Reading guidance: Section 2 defines equalized odds and equal opportunity formally and argues for their desirability relative to demographic parity (which ignores the true label and can require accepting unqualified applicants to equalize rates). Section 3 presents the post-processing algorithm: given a score function and a fairness criterion, find the optimal randomized threshold policy that satisfies the criterion while maximizing accuracy. The key insight is that the optimal policy randomizes between at most two thresholds per group. Section 4 applies the method to the FICO credit score dataset (publicly available from the CFPB), demonstrating that equalized odds can be achieved with modest accuracy cost — a result directly relevant to the Meridian Financial case study. For extensions to multi-class, multi-group, and intersectional settings, see Kearns, Neel, Roth, and Wu, "An Empirical Study of Rich Subgroup Fairness for Machine Learning" (FAT*, 2019), which addresses the challenge of satisfying fairness across exponentially many subgroups.
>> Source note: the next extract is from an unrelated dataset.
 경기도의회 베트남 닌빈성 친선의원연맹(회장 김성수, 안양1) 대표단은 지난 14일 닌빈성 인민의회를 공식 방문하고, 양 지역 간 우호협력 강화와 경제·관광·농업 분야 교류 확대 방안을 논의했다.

5. IBM AI Fairness 360 Documentation and Bellamy et al., "AI Fairness 360: An Extensible Toolkit for Detecting, Understanding, and Mitigating Unwanted Algorithmic Bias" (arXiv, 2018)
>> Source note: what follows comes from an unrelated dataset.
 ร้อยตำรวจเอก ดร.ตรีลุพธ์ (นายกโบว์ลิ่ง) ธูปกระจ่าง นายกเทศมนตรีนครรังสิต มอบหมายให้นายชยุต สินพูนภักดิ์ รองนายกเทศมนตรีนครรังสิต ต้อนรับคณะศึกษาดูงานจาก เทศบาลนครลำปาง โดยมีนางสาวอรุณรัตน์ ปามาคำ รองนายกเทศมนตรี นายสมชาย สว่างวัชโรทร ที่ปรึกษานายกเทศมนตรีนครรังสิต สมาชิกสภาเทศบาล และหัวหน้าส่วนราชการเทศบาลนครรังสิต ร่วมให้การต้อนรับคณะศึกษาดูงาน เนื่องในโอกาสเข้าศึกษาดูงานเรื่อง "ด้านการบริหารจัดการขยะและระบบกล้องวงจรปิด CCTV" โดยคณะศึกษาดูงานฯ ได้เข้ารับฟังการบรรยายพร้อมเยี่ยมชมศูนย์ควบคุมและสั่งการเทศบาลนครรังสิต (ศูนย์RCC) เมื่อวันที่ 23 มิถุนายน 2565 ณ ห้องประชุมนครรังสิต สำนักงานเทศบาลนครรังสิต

AI Fairness 360 (AIF360) is IBM's comprehensive open-source toolkit for fairness in machine learning, providing over 70 fairness metrics, 12 bias mitigation algorithms (spanning pre-processing, in-processing, and post-processing), and dataset wrappers for standard fairness benchmarks (Adult Income, German Credit, COMPAS).
Reading guidance: The toolkit paper (Bellamy et al.) provides an overview of the architecture and the design decisions behind the metric and algorithm taxonomy. Section 3 catalogs the metrics, organized by whether they measure bias in the dataset, the classifier, or the predictions — a taxonomy that maps to the dataset-level vs. classifier-level distinction in our aif360_audit() function (Section 31.11.2). Section 4 catalogs the mitigation algorithms, with each algorithm classified by intervention point (pre/in/post) and the fairness criterion it targets. The online documentation (https://aif360.readthedocs.io/) includes tutorial notebooks for each algorithm, applied to standard datasets. The most practically useful tutorials are: "Bias in Credit Decisions" (directly relevant to Case Study 1), "Medical Expenditure" (healthcare resource allocation), and "Detecting and Mitigating Age Bias" (relevant to StreamRec's user fairness). For a comparison of Fairlearn and AIF360 with additional toolkits (Themis-ML, FairML), see Lee and Singh, "A Landscape and Comparison of Fair ML Toolkits" (CHI Workshop, 2021). For an enterprise deployment perspective, see Holstein et al., "Improving Fairness in Machine Learning Systems: What Do Industry Practitioners Need?" (CHI, 2019), which surveys 35 practitioners and identifies the gap between toolkit capabilities and production needs.